一般に、熱転写シートは、サーマルリボンと呼ばれ、熱転写方式のプリンタに使用されているインクリボンのことであり、基材の一方の面に熱転写層、その基材の他方の面にバックコート(耐熱滑性層)を設けたものである。ここで熱転写層は、インクの層であって、プリンタのサーマルヘッドに発生する熱によって、そのインクを溶融(溶融転写方式)あるいは昇華(昇華転写方式)させ、被転写体側に転写するものである。
現在、熱転写方式は、プリンタの高機能化と併せて各種画像を簡便に形成できるため、身分証明書などのカード類をはじめアミューズメント用出力物等広く利用されている。そういった用途の多様化と共に、得られる印画物への耐久性を求める声も大きくなり、近年ではインク層により形成した画像上に保護層を転写する印画物がかなり普及してきている。
これら従来の転写方式でを用いた印画物を日光や照明等に長時間暴露した場合には印画部が紫外線や大気中のオゾンの影響で退色し、記録画像が長期間の保存により不鮮明となり問題となる。そこで画像に耐色性を付与する方法として保護層中に紫外線吸収剤を配合する方法が従来から知られている。
高度な耐候性を得ようとして、保護層中に紫外線吸収剤を高濃度に添加すると、保護層自身の凝集力が低下し、受像シートに保護層を転写する際、保護層の一部が転写されないといった、異常転写が起こる。また、保護層を厚くするといった手法で耐候性を向上させることもできるが、熱転写時の熱感度低下による受像シートとの接着不良による異常転写や発色にも影響が起こる可能性がある。
特許文献1や特許文献2では、紫外線吸収剤を用いた層を具備させて耐光による、耐色性、褐色性を保持しようとしているが、最表層に紫外線吸収剤を混合させていて、表面耐性(硬度、耐スクラッチなど)を考慮されておらず、大気中のオゾンでの耐色性、褐色性は問題視していない。また、一部、紫外線吸収剤を共重合させてそのブリードを抑えてはいるが、その含有量やブリードによる密着不良に対する対策であり、基本的に、大気中のオゾンによる耐色性、褐色性には触れていない。
また、特許文献3にあるように、中間層に紫外線吸収層なるものを存在させたりすると密着やコスト、高濃度に添加されていることによるブリード問題、転写時の箔切れに影響したり、さらに、紫外線吸収剤含有が最表層に来る場合、紫外線吸収能は上がるものの、反応性の紫外線吸収剤を用いてはいるが、やはり、昇華転写などの保護層に必要な耐摩擦性、耐スクラッチ性などはある程度犠牲にならざるを得ないばかりか、ここでも、大気中のオゾンによる退色性、(褐色性)は問題視していない。

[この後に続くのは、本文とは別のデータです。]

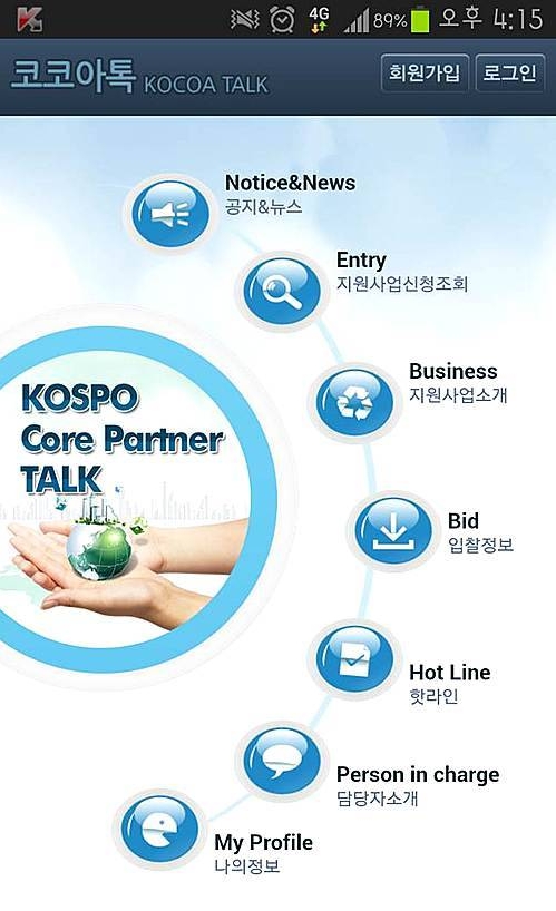 또한 신규 중기 지원사업 등에 대한 안내가 코코아톡 메신저 기능을 통해 핸드폰으로 직접 전달돼 협력사는 동반성장 프로그램에 대한 정보를 실시간으로 받고, 입찰공고 또한 실시간으로 확인할 수 있다.

上述もしたが、保護層中に紫外線吸収剤を添加しようとしても、共重合を行わない場合は、その樹脂との相溶性によっては、混合溶解量に上限が出てくる。さらに、高濃度で添加できたとしても、その逆にある条件下では、ブリードしやすくなる場合も多く、その場合、リボンのブロッキング、受像シートへの転写不良が発生したり、ブリードにより透明性低下、もちろん耐色性にも影響する。共重合されたとしても、最表層にくると、やはり、樹脂単体よりも、表面硬度等に起因する物性の低下、また、中間層に用いた場合でも、箔切れ等に影響する場合が多く、できる限り、他機能層中に含有することが好ましい。

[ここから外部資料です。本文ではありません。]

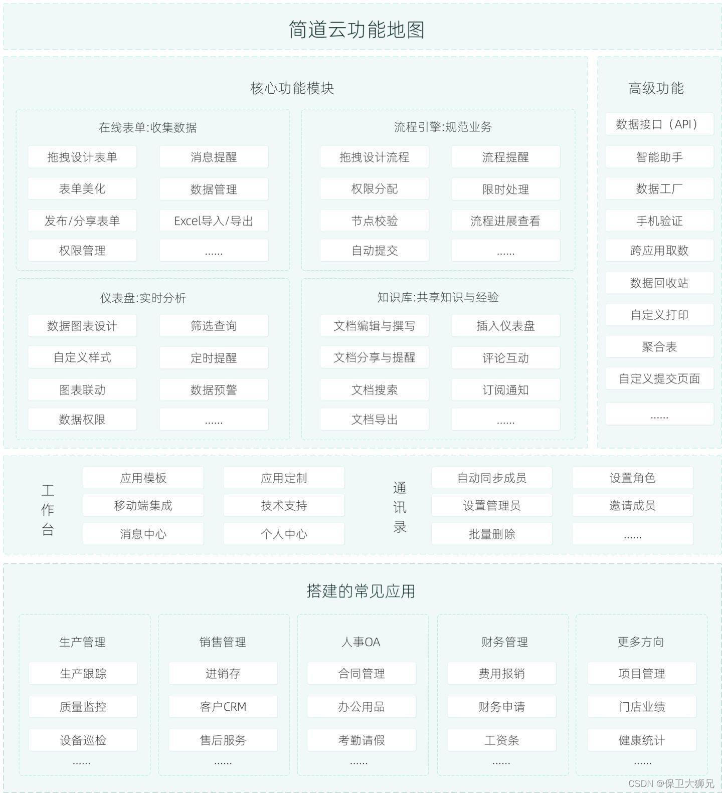 以简道云为例,我们可以看一款零代码平台会提供哪些具体的功能:

いずれにしても、紫外線対策による退色性、褐色性に注目しているが、大気中オゾンでの耐色性、褐色性、すなわち、ガスバリア性についての対策はなされていない。
特許文献4にあるように、一部の層にポリスチレンとポリオレフィンのブロックポリマーに紫外線吸収剤を混合した例もあるが、耐屈曲性や接着性に重きを置いた組成であり、ここでも、やはり大気中オゾンの影響については詳細に述べられていない。
従って、もちろん選択される紫外線吸収剤は少量添加でも、高い紫外線吸収能を有することが必要となるが、本発明であるように、できれば、大気中のオゾンによる影響も考慮し、バインダー樹脂でもその耐色性、褐色性を補うことができれば、吸収剤の使用量を減らすことができ、弊害も少ないのである。
特開平10−315641号公報 特許2000−71626号公報 特開平7−276831号公報 特開平7−117367号公報
本発明は前述してきたような問題点を解決するためになされたものであり、その主となる課題とするところは、耐色性、耐褐色性を有する保護層を有した熱転写シートを提供することにある。
本発明は前記課題を解決するためになされたものであり、その請求項1記載の発明は、基材シートの一方の面に、熱転写性インク層と熱転写性保護層を長手方向へ順次設けた熱転写シートにおいて、
前記熱転写性保護層が、少なくとも第一熱転写性樹脂層と、前記第一熱転写性樹脂層下方に設けられた第二熱転写性樹脂層の二層以上から形成されており、且つ、第一熱転写性樹脂層がアクリル樹脂、ポリエステル、エポキシ樹脂のいずれかであり、紫外線吸収剤、ヒンダードアミン系光安定剤の一方もしくは両方を含み、第二熱転写性樹脂層がフェノキシ系、ビスフェノール系、ポリウレタン系、ポリイミド系、エポキシ系樹脂の少なくとも1種以上を含有する芳香環を含む樹脂であることを特徴とする熱転写シートである。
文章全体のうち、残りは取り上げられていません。